Leach's Storm-PetrelOceanodroma leucorhoa (Vieillot)
Status Common in summer. Breeds. Our breeding birds arrive off Nova Scotia in early April and remain until early November, and there may be later stragglers. The earliest sighting was off Cape Sable on 6 April 1972; the earliest reported arrival at a colony, on Pearl Island, Lunenburg County, was 11 April 1938 (M.B. Pearl). However, dead birds found in oil from the tanker Arrow on Sable Island on 1 March 1973 (Brown et al. 1973) must have been alive somewhere in the region.

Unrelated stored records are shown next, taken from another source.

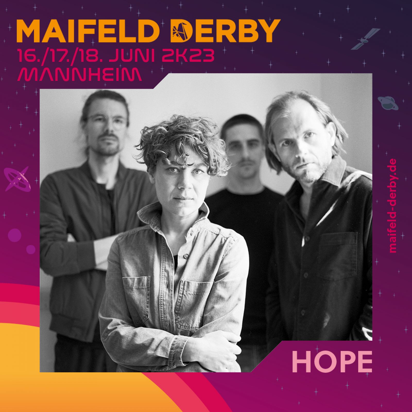 Der Sommer 2023 verspricht ein besonderer zu werden für Hope aus Berlin. Gerade wurden sie von Depeche Mode als Support für einen Teil derer Stadion Tour eingeladen. Da fungiert das Maifeld Derby dann quasi als Warm Up. Schwer zu greifender, sehr eindringlicher & mitreisender Post-Indie-Ambient-Rock. Wurde Zeit, dass die uns besuchen kommen.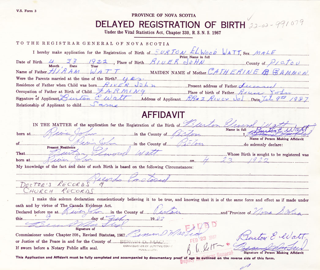 Signature of Applicant Burton E. Watt Address of Applicant RR #2, River John, Pictou Date 9 February 1987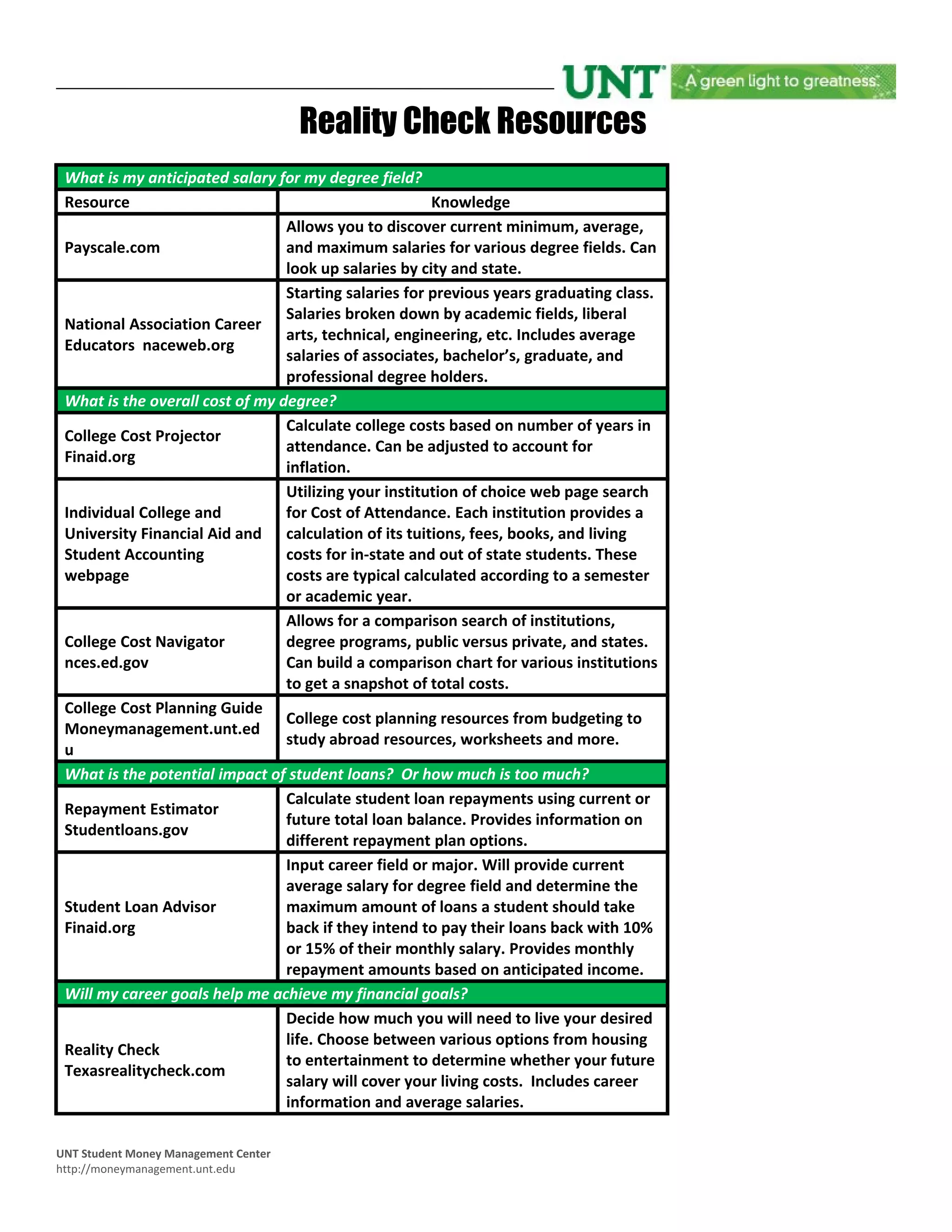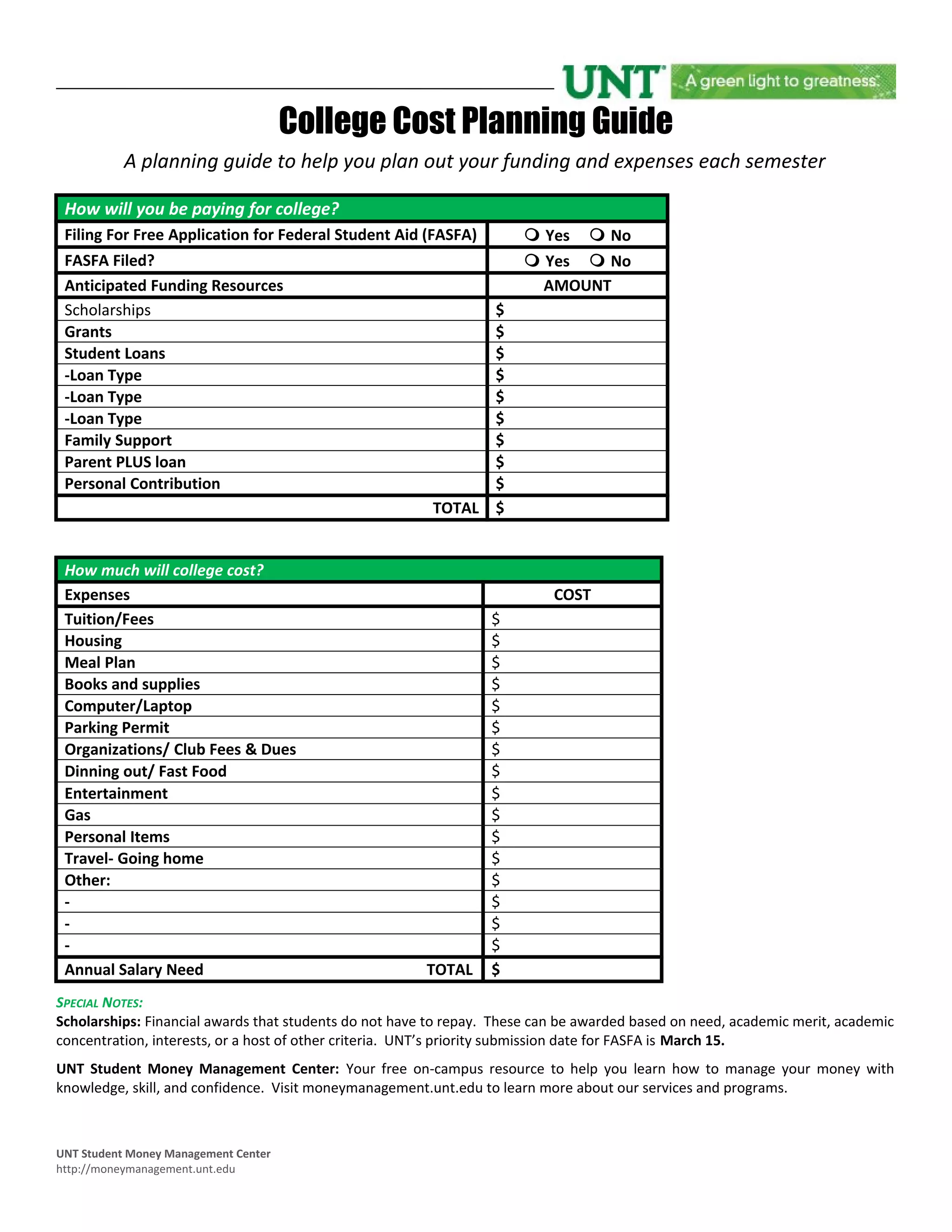 The document is a college cost planning guide that provides information and worksheets for students to estimate their funding sources, expenses, and overall costs of attending college. It includes sections to track anticipated funding from scholarships, grants, loans, family support and personal contributions. Expenses sections include costs for tuition, housing, meals, books and various living expenses. It also provides notes on scholarships and information on the UNT Student Money Management Center as a free resource for students to learn money management skills.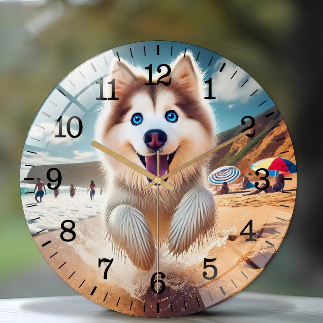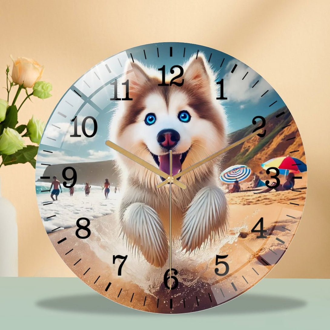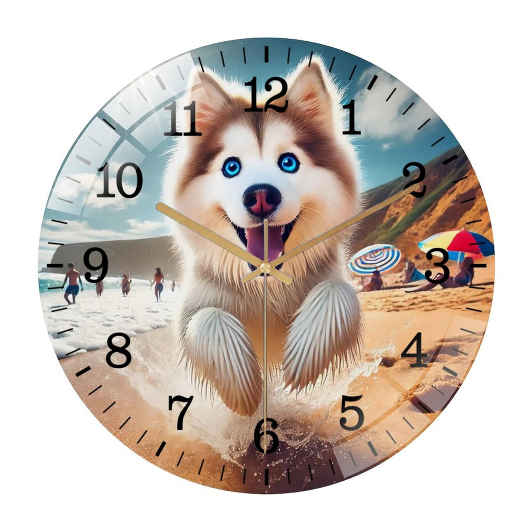 Husky on The Beach Glass Wall Clock ,Dog Lover Wall Clock for Homes, Bars, Offices, Man Caves, Garages, And Living Rooms. .Also Makes A Great Gift.,12×12inch(30×30cm)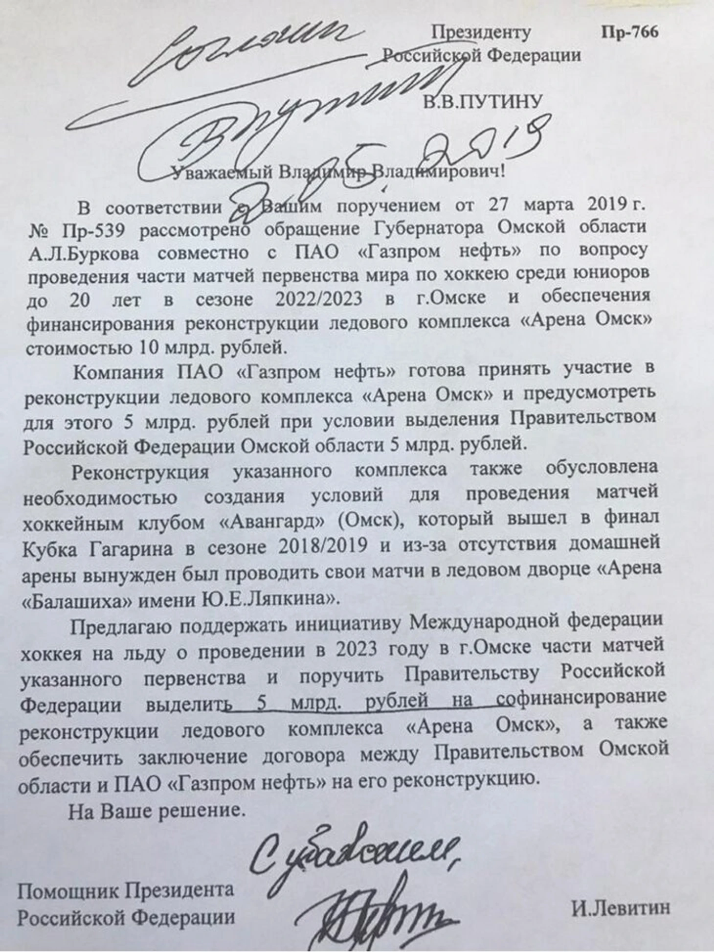 Как «Газпром нефть» и региональное правительство убедили федеральные власти, что Омску нужно передать матчи МЧМ-2023, который к тому времени уже был забронирован за Новосибирском, доподлинно неизвестно. Зато известен документ, где советник президента РФ Игорь Левитин просит выделить на омскую стройку 5 млрд рублей, мотивируя предложение еще и тем, что одному из ведущих клубов КХЛ – «Авангарду» – негде играть.

Fairly large numbers occur locally about the many coastal islands where they breed but are seldom seen because of the bird's nocturnal habits. Daylight hours are spent in nest burrows or at sea in search of food. However, in the gray dawn of 8 November 1913 a dozen or more were found near the mouth of the Cornwallis River, where it enters Minas Basin. They seemed to be asleep among the sedges at the edge of the tidal waters and several were caught by hand. Another unusual exception was a large flock feeding in broad daylight on 15 July 1969 at the windward (northwest) side of the Canso Causeway. Charles R.K. Allen writes: "Water dotted with them as far as the eye could see must have been several hundred at least. Many groups and singles flying low across the Causeway." Late sightings are usually of birds driven inshore or inland by winter storms. The latest definite record was the bird found at Port Philip, Cumberland County, on 29 December 1964 (A. Schurman), which was much emaciated and died the next day. However, it is likely that a flock of storm-petrels observed off Sable Island on 3 January 1966 (C. and N. Bell) were of this species.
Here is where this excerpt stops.